→ Provided data:
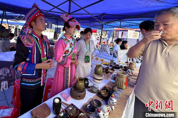 7月14日,酒泉職業(yè)技術學院學生王皓向觀眾介紹敦煌文創(chuàng)作品。中新社記者 丁思 攝 “我們喜歡潮流的新事物,也喜歡古老的優(yōu)秀傳統(tǒng)文化,敦煌文化是我最感興趣的?!?9歲的王皓是酒泉職業(yè)技術學院研學旅行管理與服務專業(yè)的學生,他告訴記者,要成為優(yōu)秀的研學導師,豐富的歷史理論和動手實踐能力必不可少,參加學校的非遺課堂,讓他收獲了這兩方面的知識。 王皓的導師是酒泉職業(yè)技術學院教授王權朝,他是甘肅省級非遺項目“敦煌石粉彩繪技藝”傳承人,依托敦煌剪紙、陶瓷釉下彩繪等非遺技藝,進行非遺創(chuàng)新設計,文創(chuàng)產(chǎn)品有茶具、團扇、背包、抱枕等。 王權朝的課還受到該校留學生歡迎,他收了不少“洋弟子”,為他們講述敦煌壁畫藝術相關課程,并進行敦煌壁畫白描、泥板畫等實操訓練。他告訴記者,今年他還開啟線上教學,錄制課程《敦煌壁畫藝術》,以通俗易懂的講解語言,直觀的圖片和操作視頻,讓海外觀眾不僅可以學習中文,還可以近距離感受敦煌藝術。
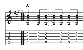 Let’s take a closer look at how these (main) chords relate in the key of A. Starting with…
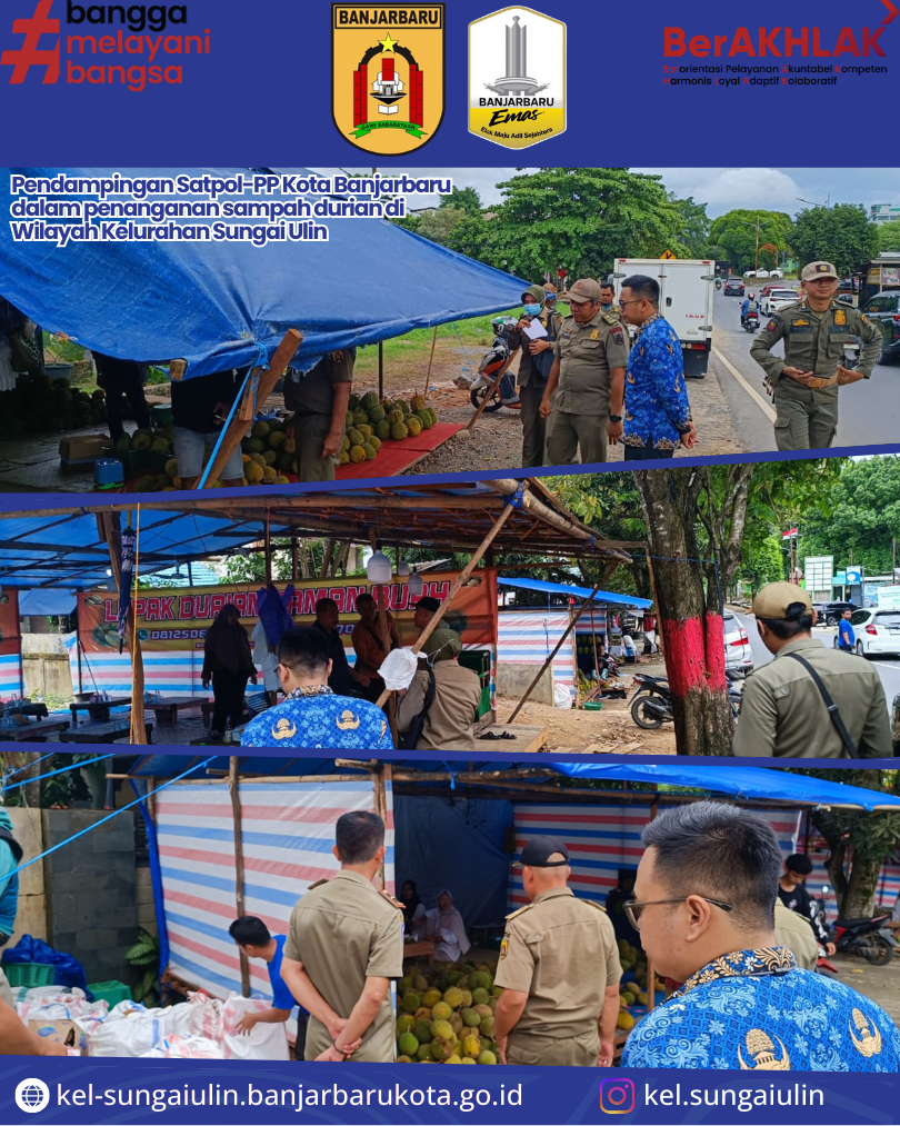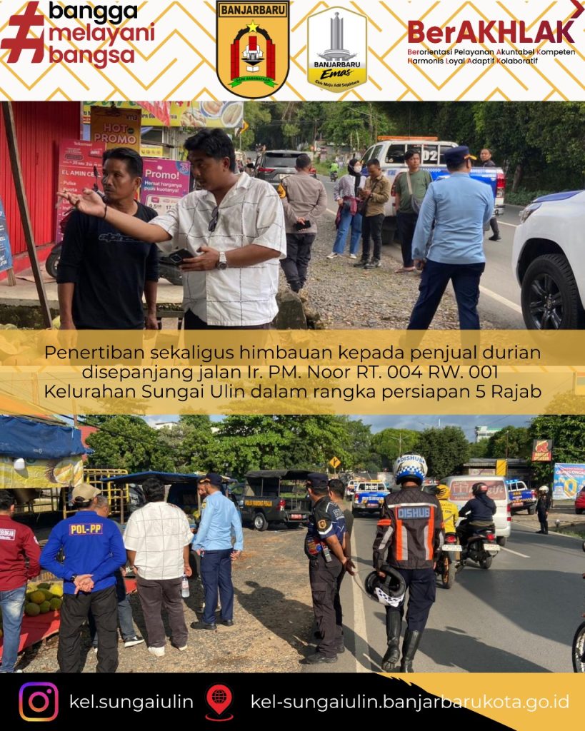 Kelurahan Sungai Ulin telah melaksanakan kegiatan penertiban dan himbauan kepada para penjual durian yang beraktivitas di sepanjang Jalan Ir. PM Noor RT 004/RW 001. Kegiatan ini dilaksanakan dalam rangka persiapan menyambut 5 Rajab serta menjaga ketertiban dan keselamatan pengguna jalan.

→ What this task involves: Repeat the material exactly as it reads, without any of its pictures.

→ Solution to the problem:
 7月14日,酒泉職業(yè)技術學院學生王皓向觀眾介紹敦煌文創(chuàng)作品。中新社記者 丁思 攝 “我們喜歡潮流的新事物,也喜歡古老的優(yōu)秀傳統(tǒng)文化,敦煌文化是我最感興趣的?!?9歲的王皓是酒泉職業(yè)技術學院研學旅行管理與服務專業(yè)的學生,他告訴記者,要成為優(yōu)秀的研學導師,豐富的歷史理論和動手實踐能力必不可少,參加學校的非遺課堂,讓他收獲了這兩方面的知識。 王皓的導師是酒泉職業(yè)技術學院教授王權朝,他是甘肅省級非遺項目“敦煌石粉彩繪技藝”傳承人,依托敦煌剪紙、陶瓷釉下彩繪等非遺技藝,進行非遺創(chuàng)新設計,文創(chuàng)產(chǎn)品有茶具、團扇、背包、抱枕等。 王權朝的課還受到該校留學生歡迎,他收了不少“洋弟子”,為他們講述敦煌壁畫藝術相關課程,并進行敦煌壁畫白描、泥板畫等實操訓練。他告訴記者,今年他還開啟線上教學,錄制課程《敦煌壁畫藝術》,以通俗易懂的講解語言,直觀的圖片和操作視頻,讓海外觀眾不僅可以學習中文,還可以近距離感受敦煌藝術。
 Let’s take a closer look at how these (main) chords relate in the key of A. Starting with…
 Kelurahan Sungai Ulin telah melaksanakan kegiatan penertiban dan himbauan kepada para penjual durian yang beraktivitas di sepanjang Jalan Ir. PM Noor RT 004/RW 001. Kegiatan ini dilaksanakan dalam rangka persiapan menyambut 5 Rajab serta menjaga ketertiban dan keselamatan pengguna jalan.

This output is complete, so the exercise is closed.